Her contribution to the Queen’s annus horribilis came in August 1992, when in long-lens photographs spread across seven pages of the Daily Mirror, she was shown sitting by a swimming pool on holiday in France, topless and having her toes sucked by an American financial adviser named John Bryan. (The toe-sucking detail was, of course, later reworked into the David Mellor story.) The justification for this breach of privacy was provided by a pretence at moral outrage that she had behaved in such a manner while her daughter, Princess Eugenie, was present.
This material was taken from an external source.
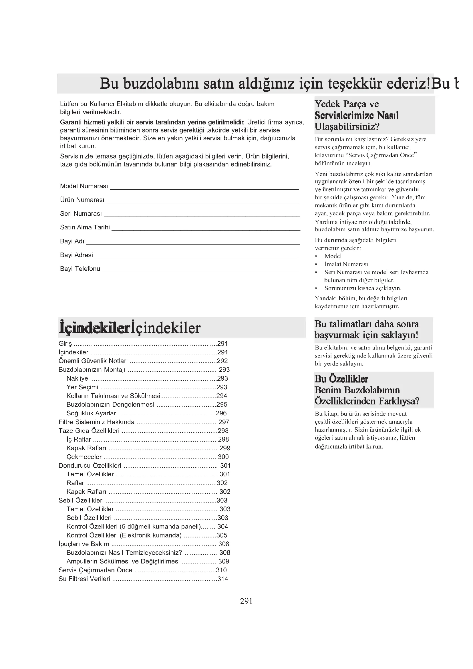 Yeni buzdo bilin cok sik kalite standartlan uygulanarak ozenli bir sekilde tasarlanmis ve ureilmistir ve tatminkar ve guvenilir bir sekilde calisması gerekir.Yine de,tum mekanik urnler gibi kimi durumlarda ayar,yedek parca vya bakim gerektirebiril. Yardima ihtiyacimiz oldugu takdirde, buzdo bilin satin aldimz bayiimize basyurun.
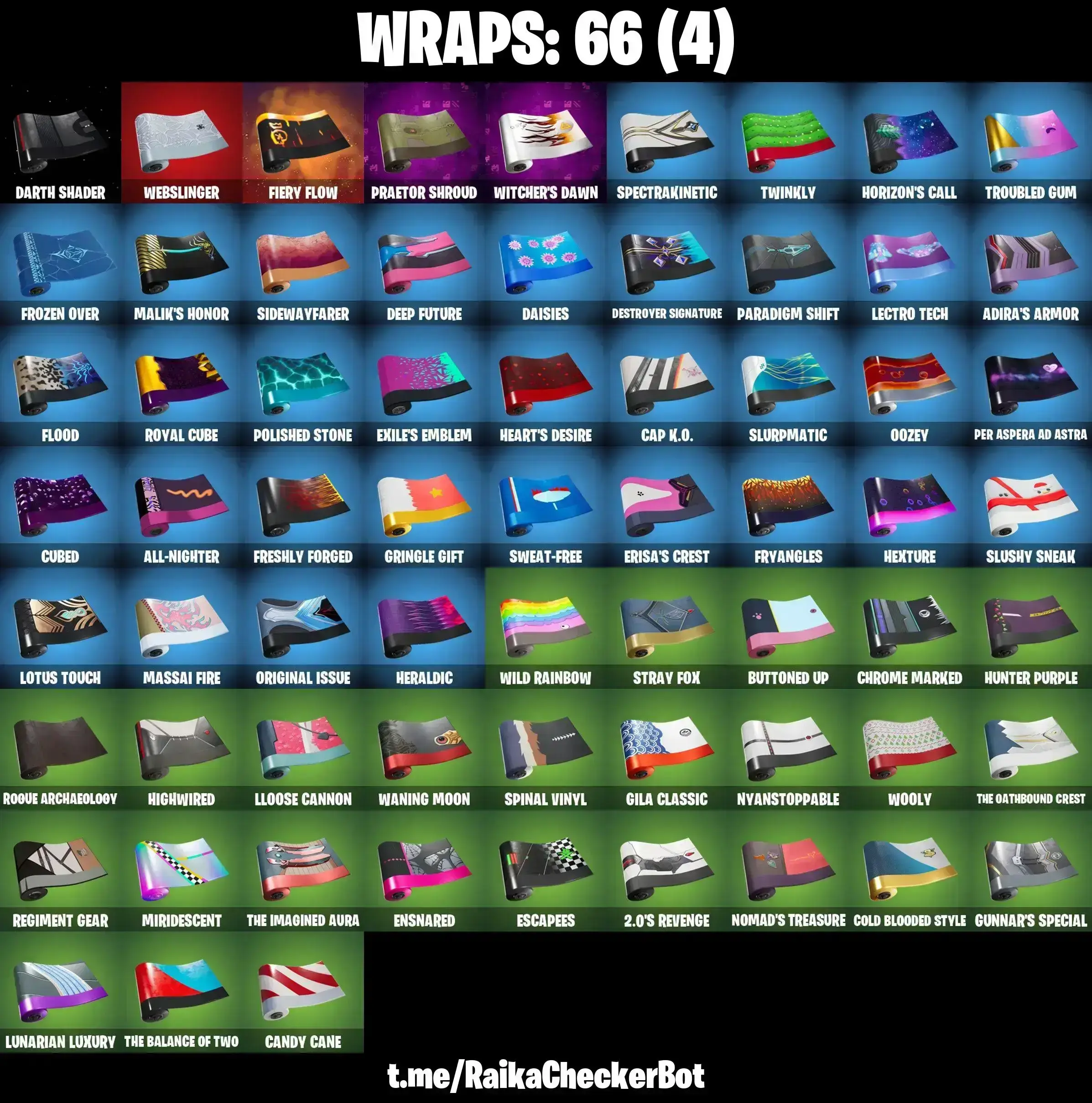 66 SKINS | POLO PRODIGY | STADIUM HERO 92 | HAVOC | SUB COMMANDER | SIPDER-MAN | DARTH VADER | SPIDER-GWEN STACY | MEOW SKULLS | EVIE | TSUKI 2.0 | HELSIE | POTASSIUS PEELS | NOG OPS | RAINBOW RACER | MAX STYLES LENNOX ROSE | MYST

‘How much shrapnel can this family take?’ wailed Harold Brooks-Baker, the publisher of Burke’s Peerage. ‘This is not just a nail in the coffin, it’s a whole handful of nails.’ But the Mirror had judged its readership perfectly. The pictures were trailed by an advertisement screened during an episode of Coronation Street, and the paper later claimed that it had been obliged to reprint after selling out its entire print run. Nor was much offence caused; the Press Complaints Commission reported that, instead of the deluge of phone calls it had been expecting, it received just one objection. And for those who missed the Mirror, the pictures appeared the next day in Today and the Sun, the latter coming up with the memorable headline: JUST HOW MUCH FINANCIAL ADVICE CAN A GIRL TAKE?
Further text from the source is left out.